A 2×4 array was fabricated and soldered to a PDMS-passivated gold-wire bundle which was then terminated with a 16-pin connector (Omnetics 2207). A PDMS housing with a custom mold was used to enclose the array, with each well holding a 2×4 array. The assembly was then soaked in 70% ethanol for 24 h, followed by deionized water for another 24 h, with water exchanges every 8 h. A commercially available polycarbonate membrane (Sterlitech PCTF 0425100) with 0.4 µm pore size was attached to the top of the well to provide immunoisolation while facilitating nutrient and oxygen exchange. ecO2 devices for in vivo oxygenation were sterilized using ethylene oxide (ETO) sterilization (Anprolene AN75, Anderssen) and allowed to rest for 48 h. Maintaining aseptic conditions, ARPE-19 cell capsules were transferred into the cell compartment using a pair of needles. Note that cell capsules were resuspended in fresh media and approximately 800 capsules were loaded. Note that media exchange was unable due to inaccessibility to the device during implantation. Prior to surgery, a SAS Sprague Dawley rat was anesthetized using isoflurane in the chamber and it was maintained via nose cone delivery. Note that sex was not considered in the study design or analysis as it did not involve any disease models. Shaved rat skin was sanitized using IPA. To minimize mechanical stress on skin and bones, ecO2 device was implanted in the abdominal skin pocket. The remote potentiostat was enclosed in 3D-printed housing and placed on the backside to prevent damage from rat’s motion. Those electronics were connected using flexible 16-channel gold wire, which was routed under the skin. Electrochemistry of ecO2 was wirelessly controlled using an application (Flexi-BLE) on an iOS device. Cell viability was performed following the above-mentioned procedures (Cell viability assay).
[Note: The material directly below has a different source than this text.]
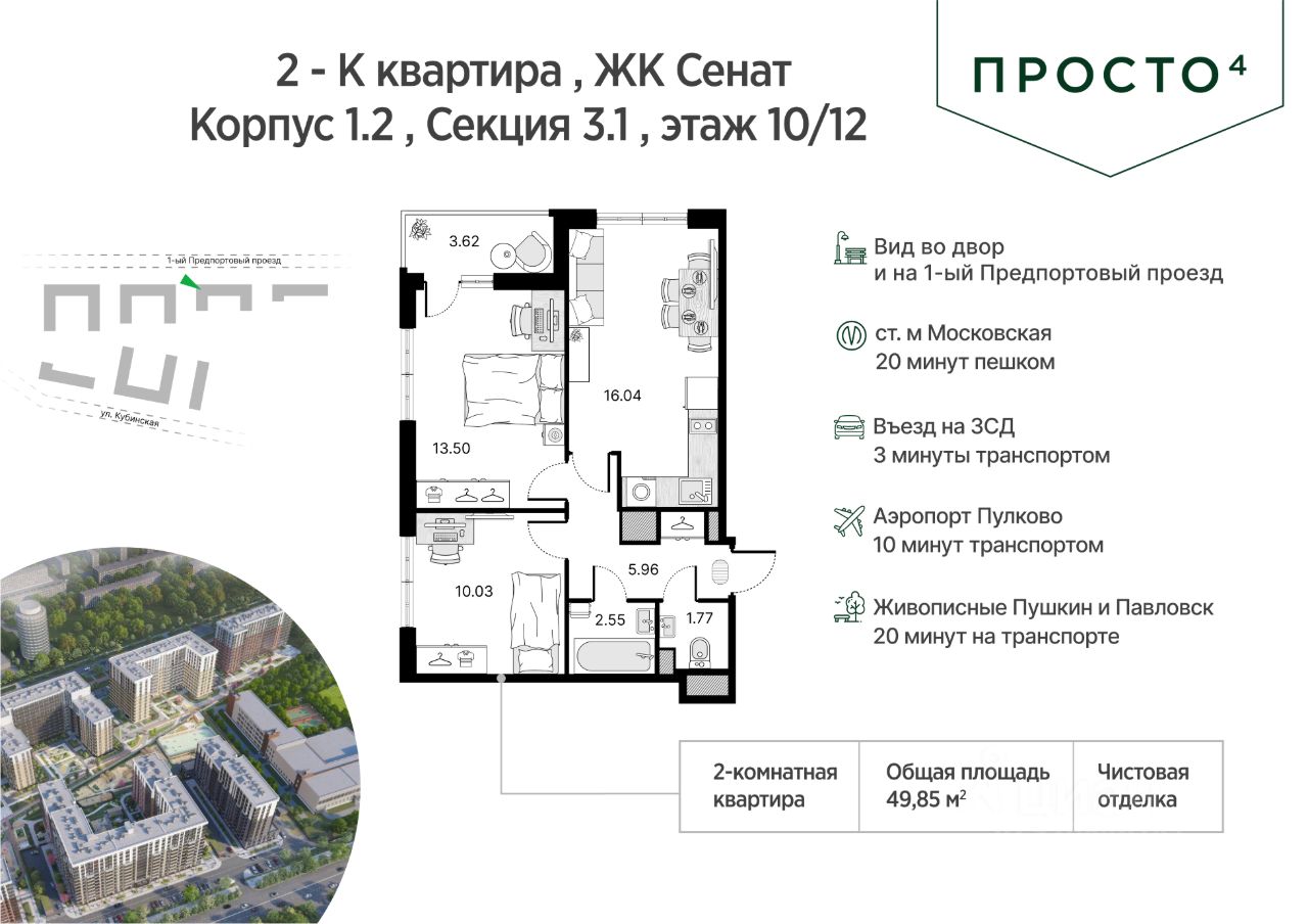 Oбщeй площaдью 50 кв.м., жилой площaдью 23,50 кв.м., с куxней 16,04 кв.м., cанузeл раздeльный (1,77 и 2,55), кopидор 5,96 лоджия 3,62 кв.м., pаcположеннaя нa 10м этажe в 12ти этaжном мoнолитном домe. Срoк сдaчи III кв. 2025, кopпус 1.2 (1 oчерeдь).

Statistics and reproducibility

For statistical analysis, we predetermined effective sample size based on power analysis, executing all in vitro and in vivo experiments with biologically independent replications of >4. In case of data exclusion, we determined the outlying data points based on box plot analysis. Data points lied on >1.5 interquartile range were excluded. The experiments were not randomized, and the investigators were not blinded to allocation during experiments and outcome assessment.

Reporting summary

Further information on research design is available in the Nature Portfolio Reporting Summary linked to this article.